Purpose: There is overwhelming interest to use actinium-225 ([225Ac]Ac) to develop targeted α therapies. Antibody-drug conjugates (ADC) are highly cytotoxic. Combining [225Ac]Ac with an ADC to develop an antibody-drug radioconjugate [225Ac]Ac-macropa-trastuzumab(T)-PEG6-emtansine (DM1), is expected to be more effective than its ADC (T-PEG6-DM1) against breast cancer.

Experimental design: [89Zr]Zr-p-isothiocyanatobenzyl desferrioxamine (DFO)-T-PEG6-DM1 (imaging) and [225Ac]Ac-macropa-T-PEG6-DM1 (radiotherapy) were developed. Biodistribution and safety evaluations of [225Ac]Ac-macropa-T-PEG6-DM1 were carried out in non-tumor-bearing BALB/c mice. MicroPET imaging and biodistribution were done using [89Zr]Zr-DFO-T-PEG6-DM1, and radiotherapy using [225Ac]Ac-macropa-T-PEG6-DM1 was carried out in athymic BALB/c nude mice bearing trastuzumab-resistant HCC1954 and trastuzumab-DM1 (T-DM1)/trastuzumab-resistant JIMT-1 tumor-bearing mice.

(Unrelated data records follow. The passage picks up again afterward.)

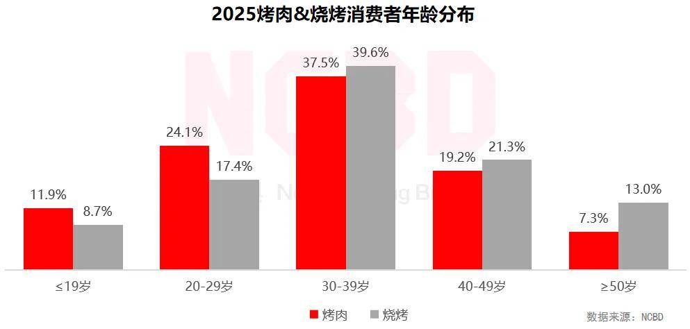 韩式烤肉做为较早进入中国市场的烤肉业态,曾持久占领市场从导地位,深受年轻消费者欢送。近年来,韩式烤肉面对着品牌老化、立异不脚的窘境,一些出名品牌呈现了关店潮。日式烧肉定位高端市场,以和牛等质量食材为焦点,强调食材的原味。日式烧肉的人均消费凡是较高,其合作劣势正在于质量和体验,但较高的价钱也了其市场的扩张,市场空间相对无限。中式烤肉呈现出多元化成长态势,正在全国各地都有一些具有处所特色的烤肉形式。中式烤肉的劣势正在于地区文化特色和口胃顺应性强,部门品牌还连系本地特色推出了极具立异的烤肉产物,深受当地消费者青睐。自帮烤肉是近年来快速成长的一种业态,以“自帮”为焦点特征,凡是采用按位计价的体例。自帮烤肉的最大劣势是性价比高,合作的环节则正在于供应链办理和成本节制,目前已呈现了一些较为优良的品牌。跟着大量企业取创业者入局,正在一些城市,自帮烤肉范畴曾经呈现了供给过剩的环境,良多门店起头倒闭,需要。1、从春秋来看,20—39岁的群体是烤肉消费的从力军,占比跨越 60%。此中,30—39岁春秋段消费者占比为37。5%,20—29岁春秋段占比为24。1%。取烧烤烤串比拟,烤肉的消费者更为年轻化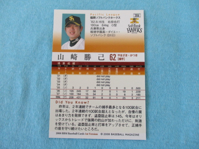 ★BBM 2008★1st Version〔306 山崎勝巳 福岡ソフトバンクホークス〕トレカ♪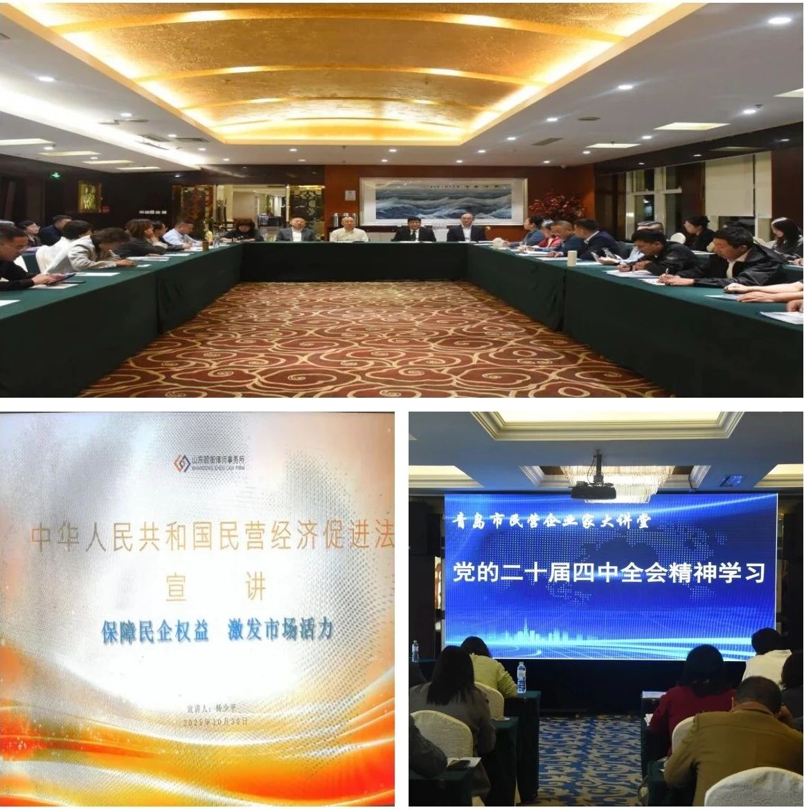 《民营经济促进法》颁布以来,杨少平律师始终以“政策传递者、企业护航者”的双重身份积极履职。作为青岛市工商联首期聘任并续聘至今的商会首席政策官,他先后三次参与高规格专项培训:2025年5月19日,作为十名商协会代表之一,杨律师赴青岛市政府参加了《民营经济促进法》的全国宣讲启动仪式视频会,该宣讲会由国家发改委的领导深度解读;5月26日,参加由崂山区政府主导组织的《民营经济促进法》宣讲,并由中国民营经济研究会原会长庄聪生进一步讲解《民营经济促进法》;6月12日,在青岛市政府市级机关会议中心,由国家发改委民营经济局副局长刘鑫亲自线下再次专题解读《民营经济促进法》,并公布了由高校教授、资深仲裁员及资深律师等32名专家组成的首批《民营经济促进法》志愿宣讲团成员名单,杨律师有幸受聘为首批宣讲团成员之一。在《民营经济促进法》的宣讲方面,5月29日,山东省河北商会举行“护航企业发展”会员日活动,杨律师应邀参加并就新出台的《民营经济促进法》进行解读;6月25日,在青岛仲裁委员会举办的“仲裁开放日”活动中,杨律师为参加活动的三十多家民营企业解读《民营经济促进法》;11月15日,山东省律师协会民事法律专业委员会举行第二次全体会议,民委会副主任杨少平律师受邀宣讲《民营经济促进法》并组织研讨交流。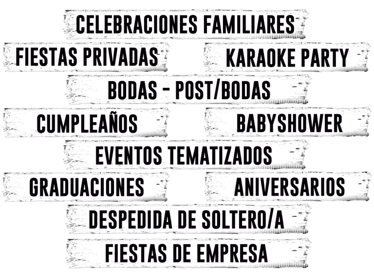 Y además de nuestros eventos habituales, ofrecemos tres propuestas especiales: Especial Bodas/Despedidas, Karaoke Party y Eventos Tematizados.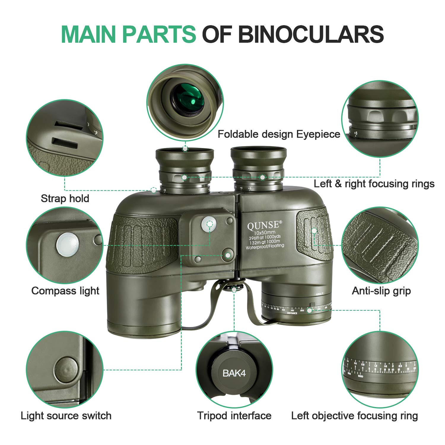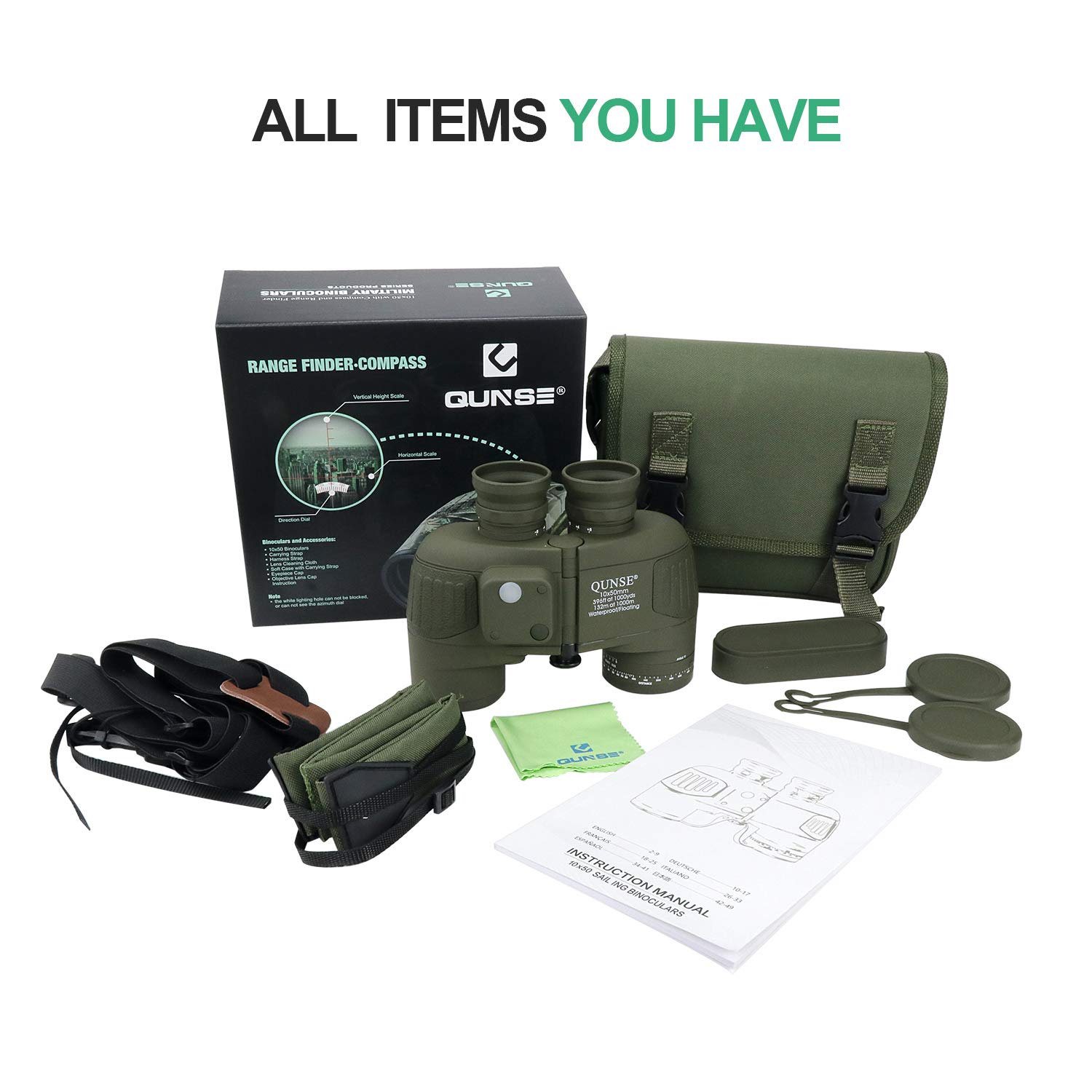 X25 Kompas i dalmierz, 10 x 50 mm, duże soczewki, wojskowy, nawigacja HD, lornetka, szerokie pole widzenia z systemem pryzmatu BAK4 i paskiem uprzęży, wodoodporny i odporny na zaparowanie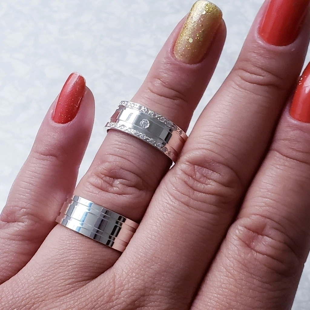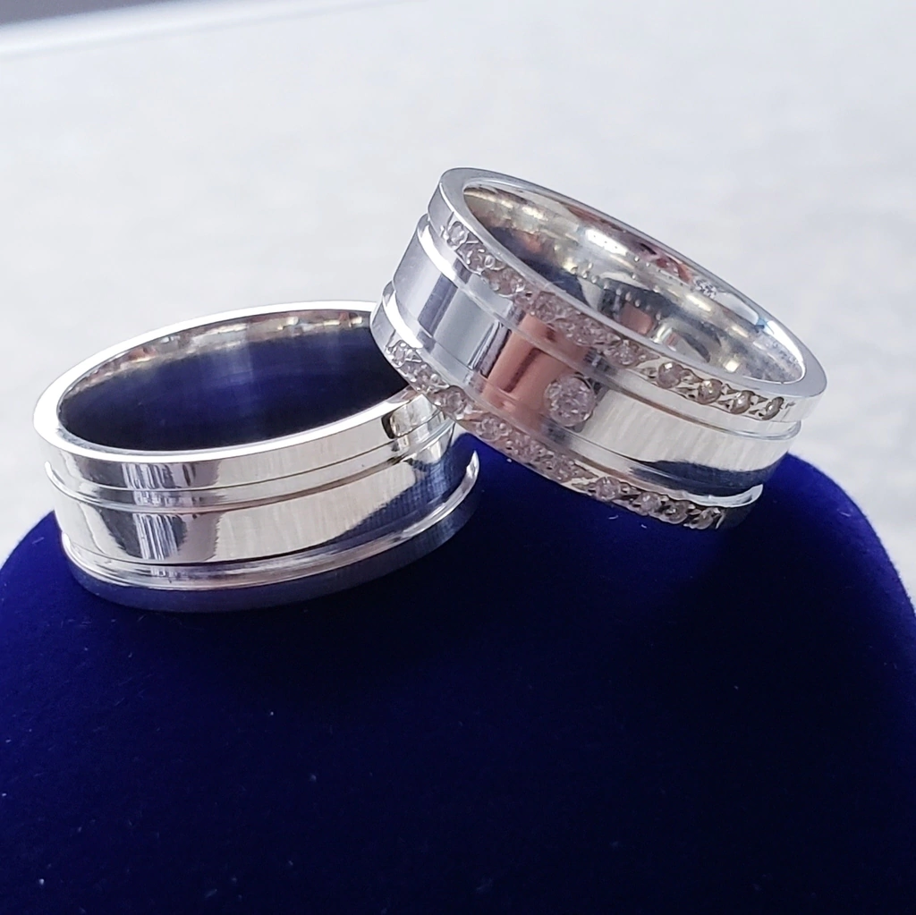 Aliança 1: Reta polida com frizo nas laterais meia volta cravejadas de zircônia e Pedra Central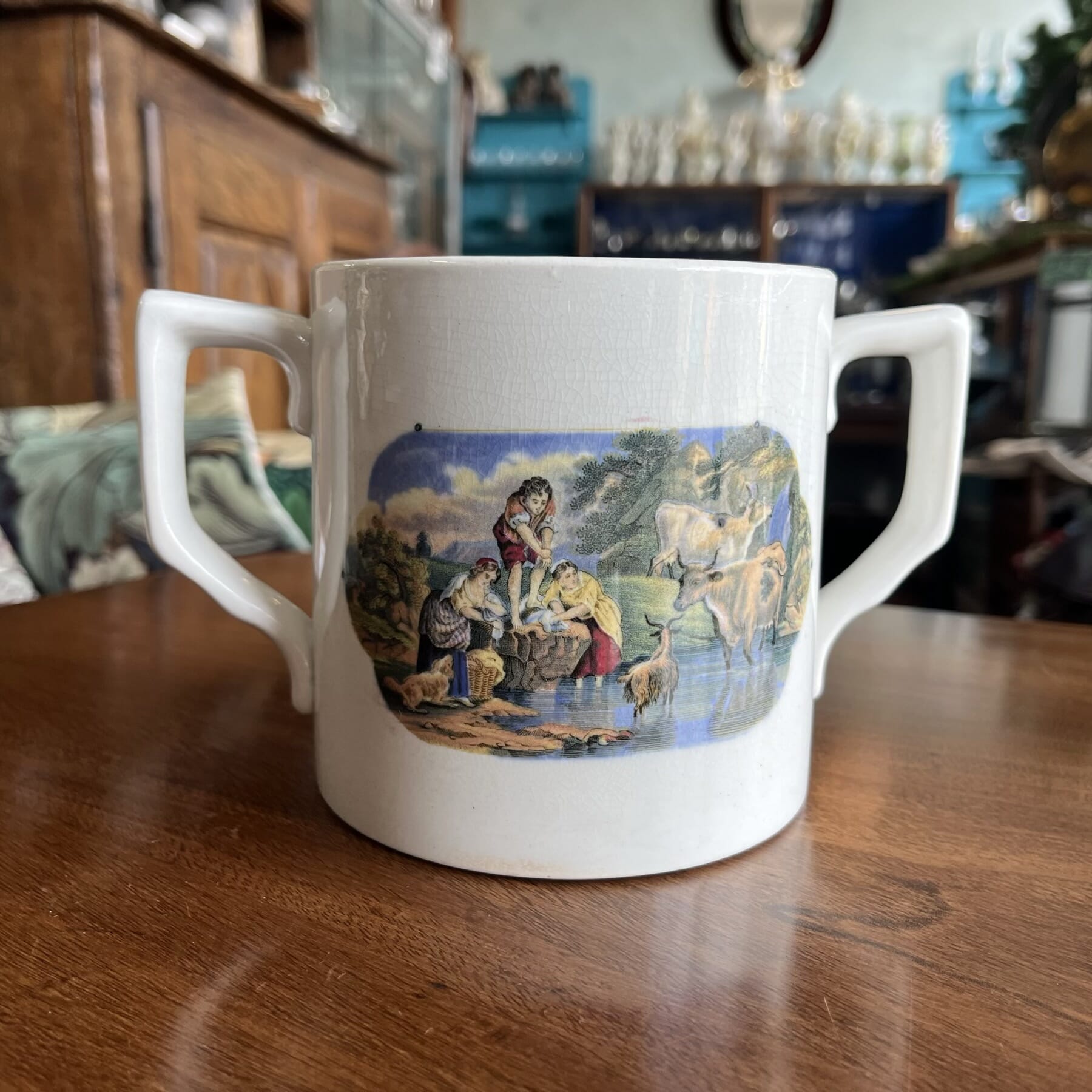 Pratt printed double-handled mug, seaside & river scenes, c. 1860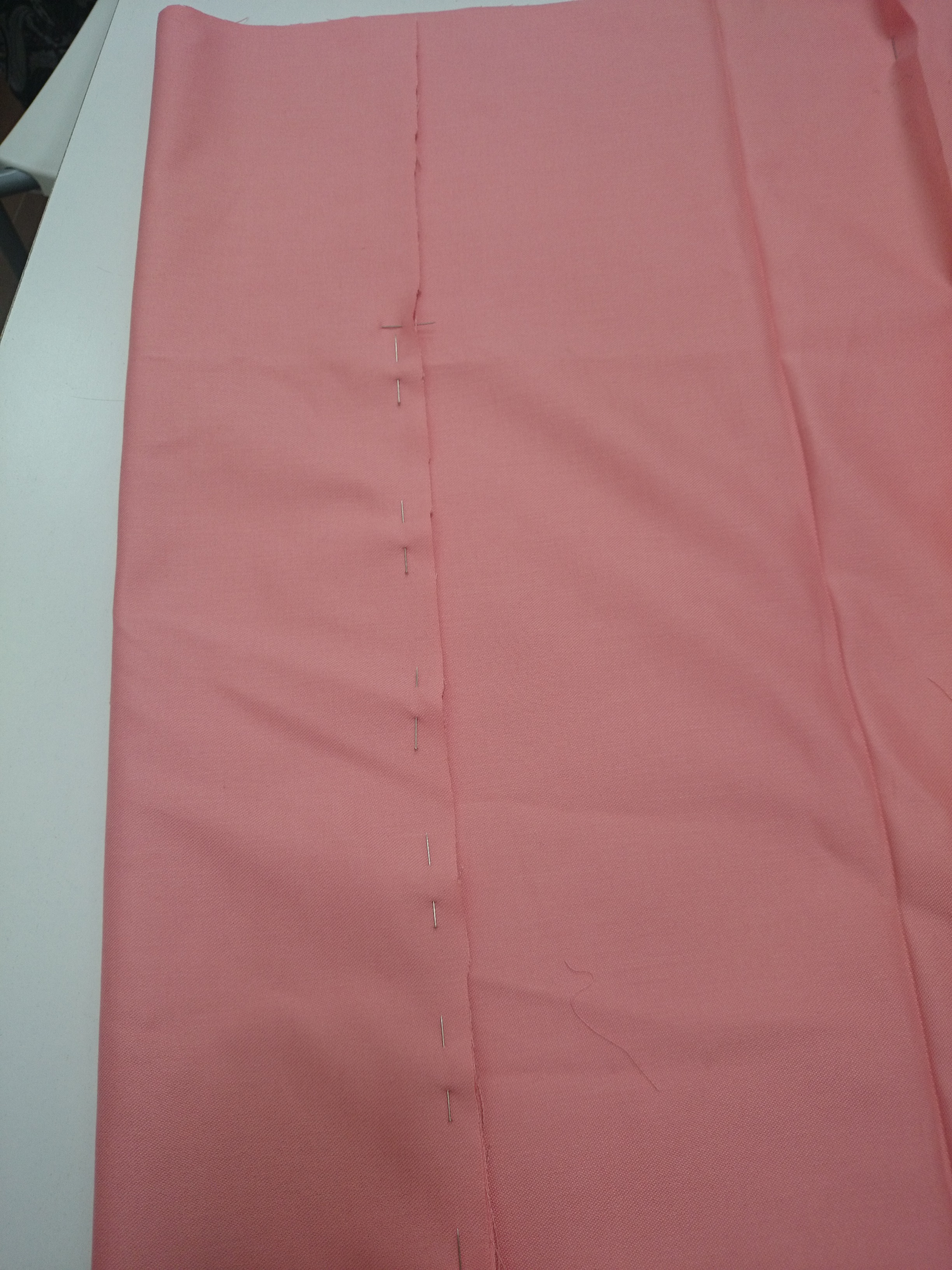 Al hacer una prueba, la profesora me sugirió añadir más tela. ¿Por qué? Porque apenas iba a tener vuelo, iba a quedar muy recta. Otro truquillo que aprendí 😉 Así que corté otro trozo de tela de 51 cm (este no era con la tela doblada) y la empalmamos al otro trozo de tela.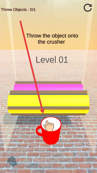2、Level01关卡,按“Throw-the-object-onto-the-crusher”提示,拖动红色杯子,扔到粉碎机,完成投掷任务。

Results: After 7 days of incubation at 37°C, [225Ac]Ac-macropa-T-PEG6-DM1 was stable in both human serum (89.2% ± 0.9%) and PBS (82.8% ± 0.4%). T-PEG6-DM1 (8 mg/kg) and [225Ac]Ac-macropa-T-PEG6-DM1 (3 × 18 kBq) administered separately in non-tumor-bearing mice 10 days apart were well tolerated biochemically and hematologically. Imaging and biodistribution showed high tumor uptake of [89Zr]Zr-DFO-T-PEG6-DM1 in tumor-bearing mice at 120 hours after injection: 38.1% ± 2.8% IA/g (HCC1954) and 14.6% ± 1% IA/g (JIMT-1). In HCC1954 tumor-bearing mice, all treatment groups had complete remission (8/8), indicative of the responsiveness of the xenograft to T-DM1-based treatments, whereas for JIMT-1 xenografts (having 1/8 complete remission) at 23 days after treatment, tumor volumes were 332.1 ± 77.5 vs. 244.6 ± 63 vs. 417.9 ± 62.1 vs. 102.4 ± 18.5 for the saline (negative control), T-DM1 (positive control), T-PEG6-DM1, and [225Ac]Ac-macropa-T-PEG6-DM1, respectively.

Conclusions: [225Ac]Ac-macropa-T-PEG6-DM1 is more potent than ADC against trastuzumab-resistant breast cancer and necessitates clinical translation.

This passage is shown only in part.